The experiment curves on the screen of the computer (Fig. 6) were measured in 4-7 May, 2015. The curves of T1(red), T2 (green), T3 (blue), power voltage (cyan) and pressure (yellow) display on the screen. In the beginnig, the reaction chamber and fuel cell was heated up, and  T1 temperature was higher than T2 and T3. The temperatures of T2 and T3 was very close. When T3 temperature  rose to  about 1100 0C, it was damaged, but T2 temperature still rose rapidly to  over 1300 0C. When lasted about 10 minutes, power was shut down. Safe sustaining time lasted about 20 minutes. On the screen you can see that the maximum excess heat production can be repeated. In the most time, we keep T2 lower than 1200 0C, but above T1. The excess heat production  lasted for about 3 days. T2 and T1 have a good correlation with  power votage. The curve of damaged T3 was moved irregularly.  After examining the whole process, we considered that T2  worked well in the experiment period.

1 – Can you provide information about nickel powder and LiAlH4 used? For example, the manufacturer, purity, particle size, surface morphology, etc.

The nickel powder and LiAlH4 was all commercial products, produced in Beijing and Tianjin respectively. The size of metal nickel powder is from a few microns to tens of microns. We not used carbonyl nickel powder in this experiment. The purity is higher than 99.9%. Surface morphology is unknown.

2 – Do you have any SEM (scanning electron microscope) images of the nickel, LiAlH4, the mixed fuel, and the ash or used fuel?

We not do any SEM images in this experiment. We don’t think it is important for judging excess heat production. The surface structure may have changes at high temperature and loading hydrogen into nickel, but it cannot give a direct evidence of excess heat production.

3 – How did you process the nickel and LiAlH4 before placing it in the reactor? Can you detail how the fuel was loaded into the nickel reactor cell?
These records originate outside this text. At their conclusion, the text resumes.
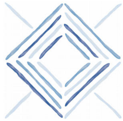
Falmouth 9x9 9"x9" | Glazed Porcelain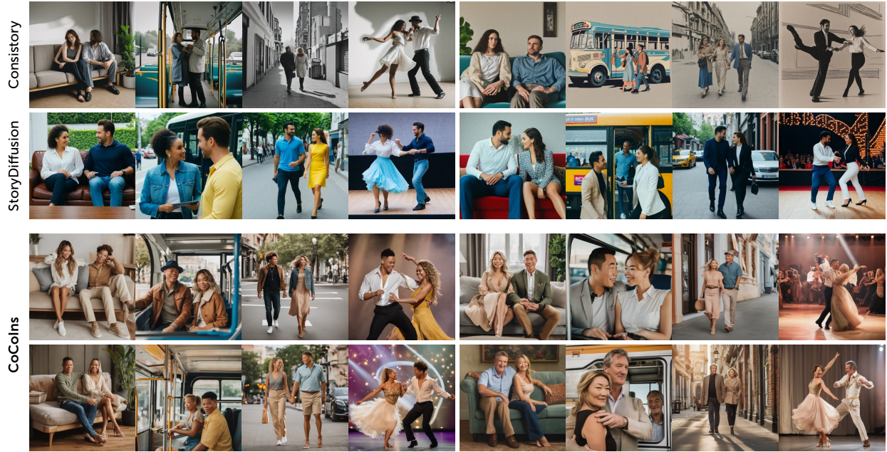
Figure 12. More examples and comparison with previous work of multi-subject consistency.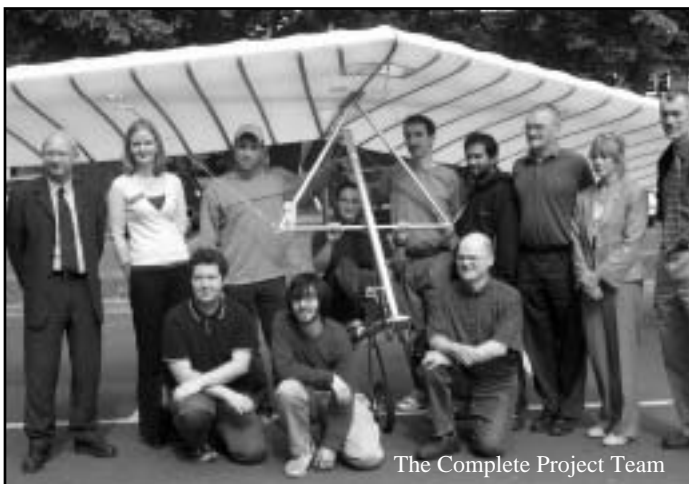
The Complete Project Team

What, of course, this project did was to give the students a hands on opportunity to incorporate an accumulative knowledge in structural design, aerodynamics, propulsion, ergonomics, manufacturing and many other fields. The team have been very busy in the design and manufacture of the machine and any donations and help with the project have been really appreciated along with the biggest booster of all, words of encouragement.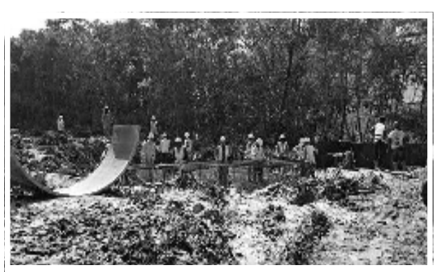
Ongoing works to connect the second Power Ship to the Grid

The addition of this second power ship will complement the existing 36MW floating power plant in the Berbice significantly Guyana's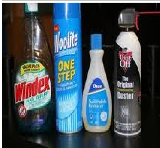
PROPELLANTS CAN BE HUFFED

There have been many cases of young people that have died from huffing "Dust off". "Dust off" contains Difluoroethane, a fluorinated hydrocarbon, also known as Freon. They are used as propellants, refrigerants and cleaning agents. They are heavier than air and when inhaled they keep air out of the lungs which in turn stops brain and heart functions. In many cases the user was found with the straw from the can of Dust off still in their mouth, eyes open and sitting in an upright position. In these cases death was instant, and in most cases the users were very healthy young people between the ages of 12 and 17., according to the Monitoring the Future Study.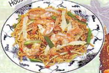
House Special Lo Mein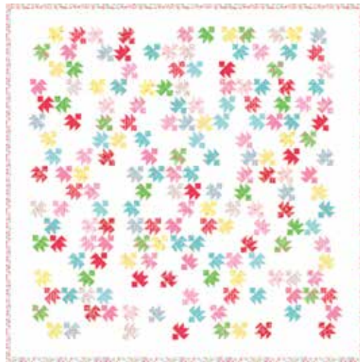
PBH 2387 / PBH 2387G Starlings Size: 76" x 76" (additional sizes and colorways available)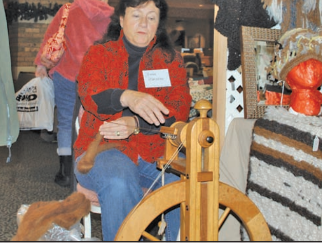
The excitement is building for the 13th Annual Mistletoe Market.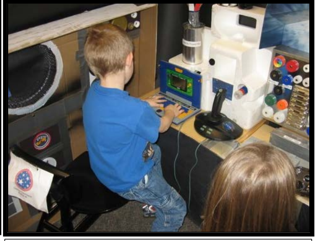
Space travelers translate messages from outer space.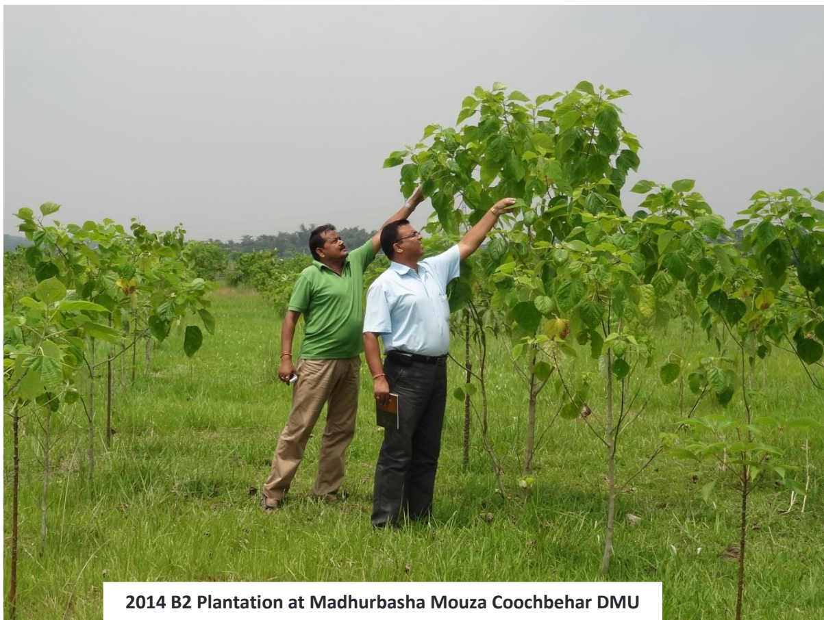
2014 B2 Plantation at Madhurbasha Mouza Coochbehar DMU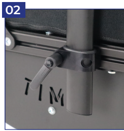
Clamping lever for height adjustment armrests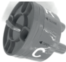
Fig. 2 Turn the dial to OPEN position to release air.

IMPORTANT: Please ensure that all care staff are trained and familiarized with the mattress and this function.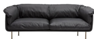
Winnie Sofa 200 FG 483.01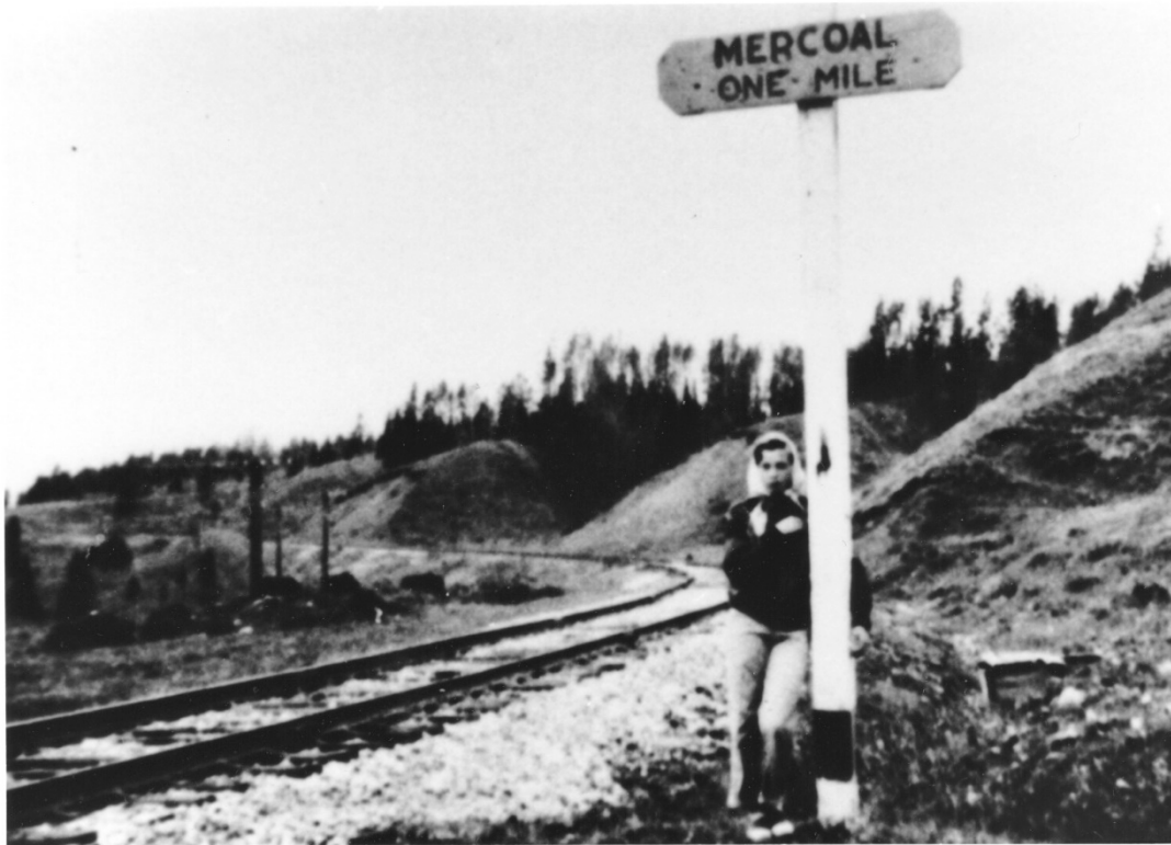
Hiking the Tracks [unknown girl]—Amelia Spanach Collection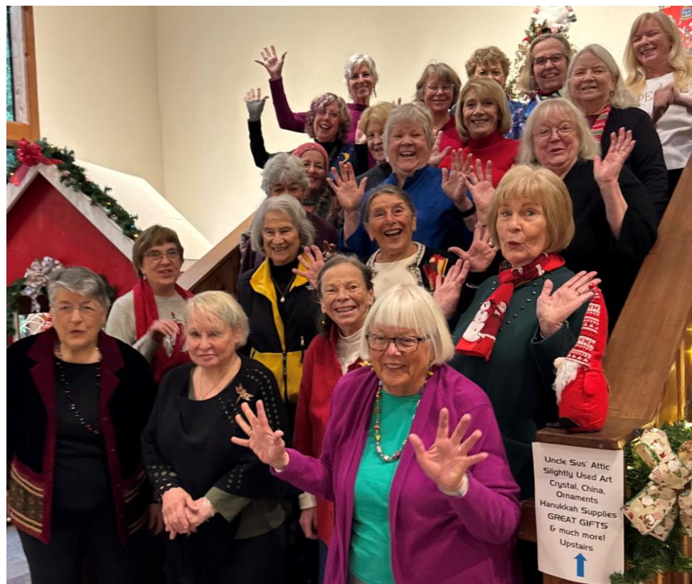
Happy Group at Holiday Luncheon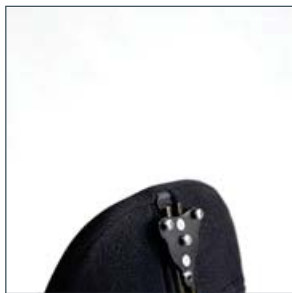
1. Quick release plate fitted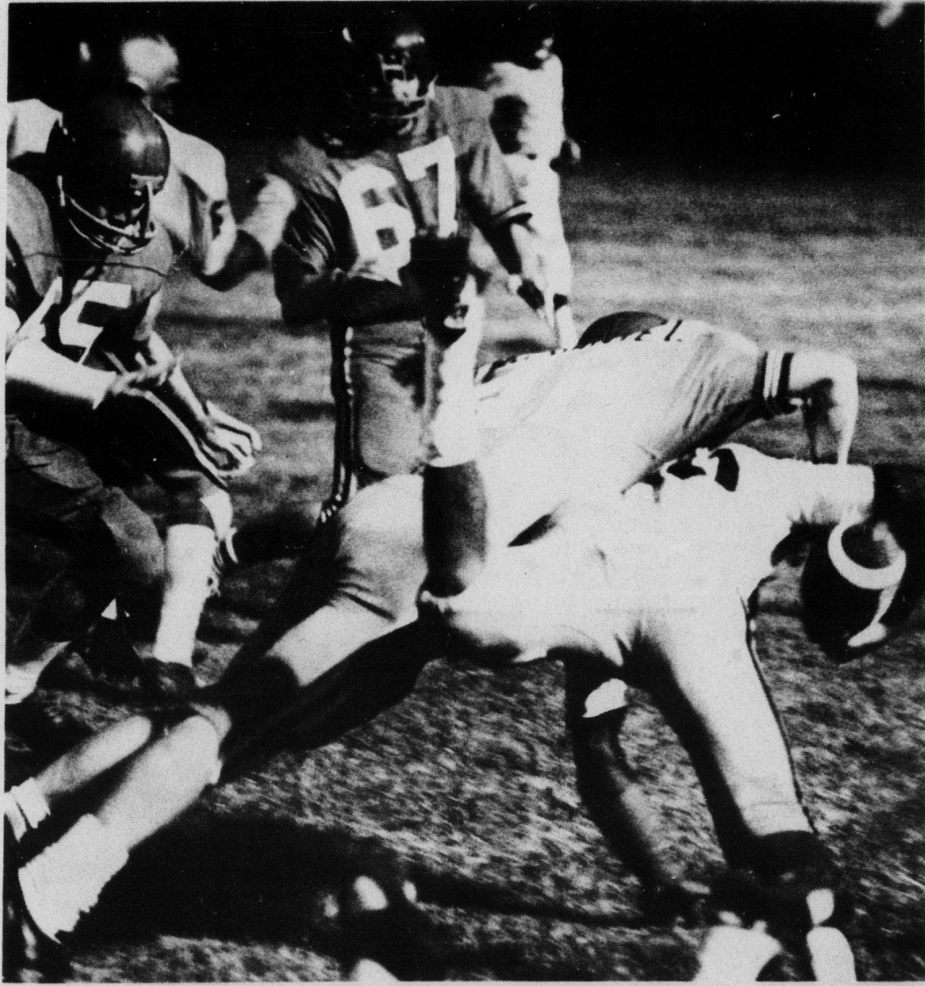
Bulldogging, Cavalier Style!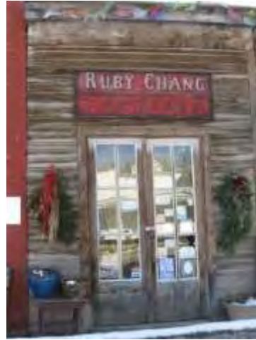
Front of building needs oiling and siding repairs

This building was built by Charlie Bovey as a reproduction of Vetter's Boot and Show Store ca. 1860s. It used to house a fire department display but now houses a jewelry store by a concessionaire.

Was the powder tightly packed or loose?

Original LiAlH4 is in a sealed metal bag, and the bag is in a sealed metal can. When we prepare the fuel, open the can and bag, then take out a certain amount of LiAlH4 by small chemical  spoon and then weight nickel powder and LiAlH4separately. The both were mixed homogeneously by the spoon on a clear paper. Then the mixed powders was put into the fuel cell and compressed by spoon tightly. For safety, the person working at the nickel  and LiAlH4 powders was wearing masks and gloves

5 – Do you think having low pressure in the cell is important in producing excess heat? If so, why?

I do not think having low pressure in the cell is important in producing excess heat. After first hydrogen-loaded process, excess heat has no significant correlation with pressure in our experiment (see fig. 6, yellow line).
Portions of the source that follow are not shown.